Разбавив, Петровна посмотрела на мир через призму получившегося напитка и ахнула. Невольная дрожь шестивагонным составом прокатилась по позвоночнику. Сквозь пузатую колбу ей пригрезилось не подсобное помещение кабинета химии, нет, но нечто совсем иное. Перед ней предстала тюремная камера Бастилии, а за низким столом у окна сидел Антуан Лоран Лавуазье и что-то писал.

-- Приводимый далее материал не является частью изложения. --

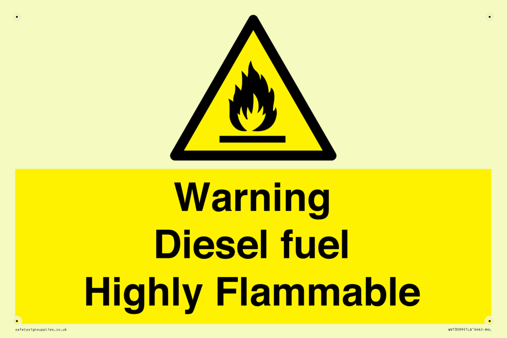Sign Text: Warning diesel fuel Highly Flammable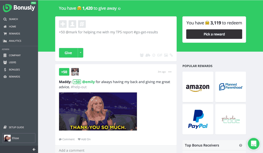 Top 5 Bonusly features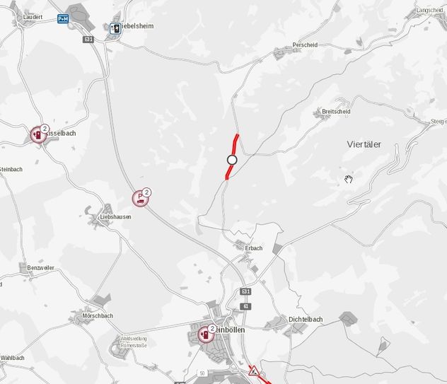 Die Umleitung führt über die Kreisstraße (K) 86 Perscheid, K 88 Wiebelsheim, Landesstraße (L) 220 Kisselbach, L 214 Rheinböllen und die K 44 bis Erbach und umgekehrt. Der LBM Bad Kreuznach bittet Verkehrsteilnehmer und Anlieger um besondere Aufmerksamkeit und Verständnis für die zu erwartenden Beeinträchtigungen.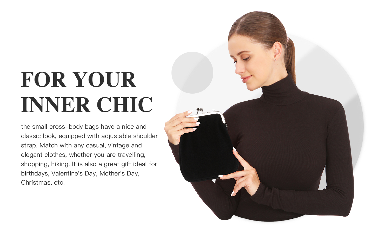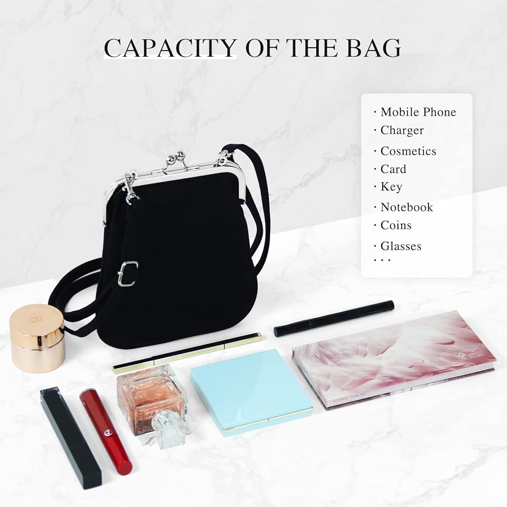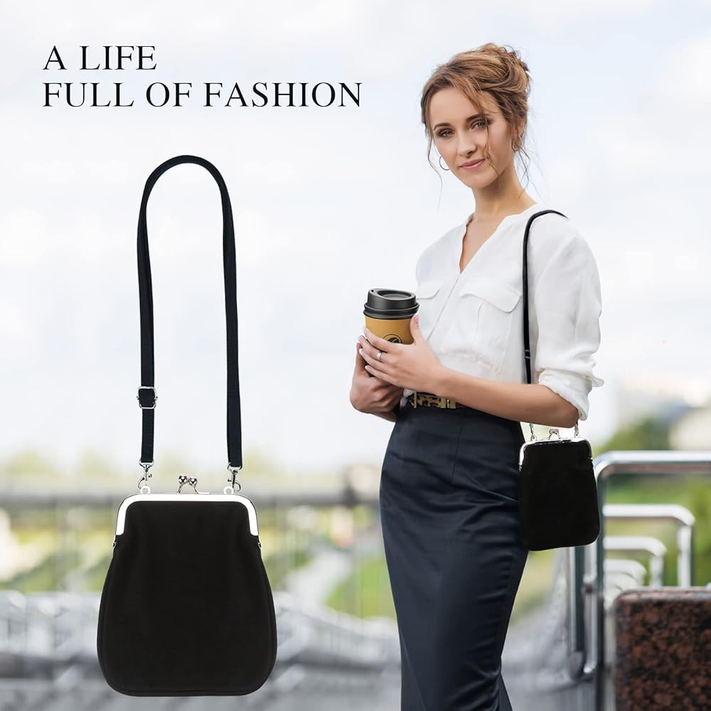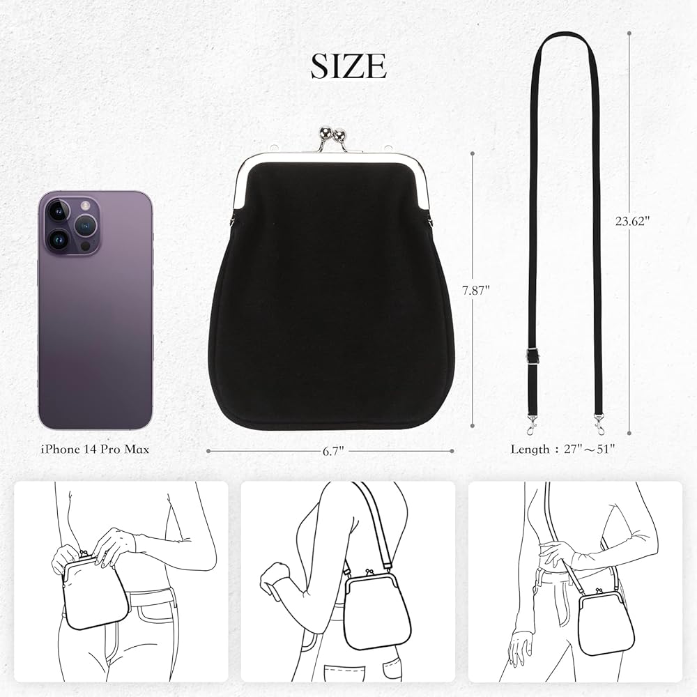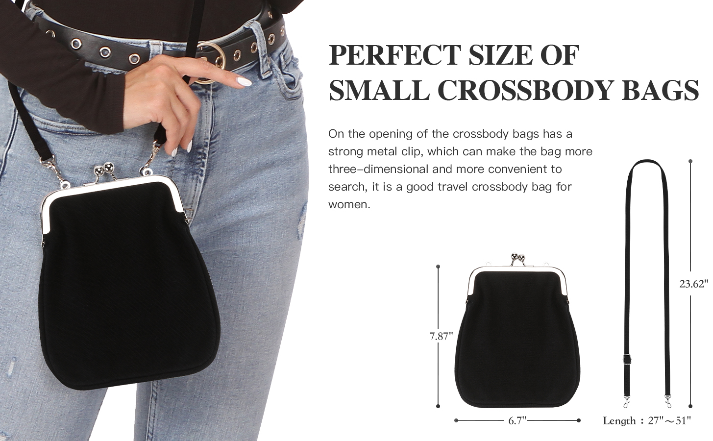 حقيبة طويلة تمر بالجسم باللون الأسود: 6.7 انش (عرض) × 7.87 انش (ارتفاع) / 17 سم (عرض) × 20 سم (ارتفاع)، تزن 6.1 اونصة فقط، حزام كتف قابل للتعديل مع ارتفاع 23.6 انش، حجم مناسب بدون أي ضخامة. شنطة كروس للنساء جيدة للسفر.

Ученого Лиза узнала сразу. Не зря столько лет изучала изображенья великих. Он был разительно схож с тем образом, который наблюдаем на портрете Лавуазье, гравированным в Лейпциге Геданом. Та же мощная шея, тот же разворот волевого подбородка. Взгляд устремлен в некую даль. Лавуазье явно стремился овладеть чем-то, лежащим за пределом портрета. Это ясно. Но чем?! Или, уточним, кем? Не могла ли являться этим предметом, на который устремлен взгляд ученого, простая украинская женщина? Проще говоря, украинка. Скажем, учитель химии. Одинокая барышня на самом излете детородного возраста. Лиза Петровна в холодной испарине закрыла глаза, успокоилась, выровняла дыхание. Лавуазье увлеченно работал. Любой химик, окажись рядом, просто должен был подойти, перевернуть титульную страницу и прочесть хотя бы пару строк. Лиза Петровна так и сделала, встала, подошла, перевернула. «О худшем способе освещать улицы Z».
«О люди, – писал Антуан, – самый худший способ освещать улицы Z – строить доменные печи. Отходы производства убивают. Мозг людей Z умирает, соединившись с молибденом и никелем, марганцем и хромом. Атмосферные осадки с рН ниже 5,6–5,7 крайне вредны. Оксиды азота и серы рождают кислоты, что падают вместе с дождем. Не танцуйте под ними! Литий, натрий, калий, рубидий, цезий и франций. Бораты, карбонаты, фосфаты. Бериллий, магний, кальций, стронций, барий и радий. Не только углерод, но и некоторое количество марганца, меди, кремния, серы и фосфора выявляется в легированных сталях. Не ешьте алюмель! Не пейте альфа-латунь! Следите за углом зева валков».
Лиза Петровна набралась храбрости и дрожащей рукой коснулась волос Лавуазье. Только тогда он посмотрел на нее и сказал, наморщив лоб: «В чем, собственно, дело?!» – «Какой ты милый, – усмехнулась Лиза, – просто ужас. Выпьем?!» Ученый отложил перо в сторону: «А давай, Лизавета Петровна! Сегодня все равно гильотина!»
Петровна плохо помнила, что произошло с нею и французским ученым дальше. Говоря коротко, это была прекрасная любовная феерия. И в ней для слов места не осталось вовсе. О, каков оказался французский ученый! Как глубоко и сильно каков! Естествоиспытанная им Лиза навсегда перестала быть безответной дурочкой, преобразилась, поумнела и смела теперь вопрошать бытие. Всего пара-тройка оргазмов сделали из нее ученого-провидца, который, конечно, был вынужден в скором времени покинуть сферу среднего образования. Ибо великий мозг не способен на необходимое для этой работы смирение.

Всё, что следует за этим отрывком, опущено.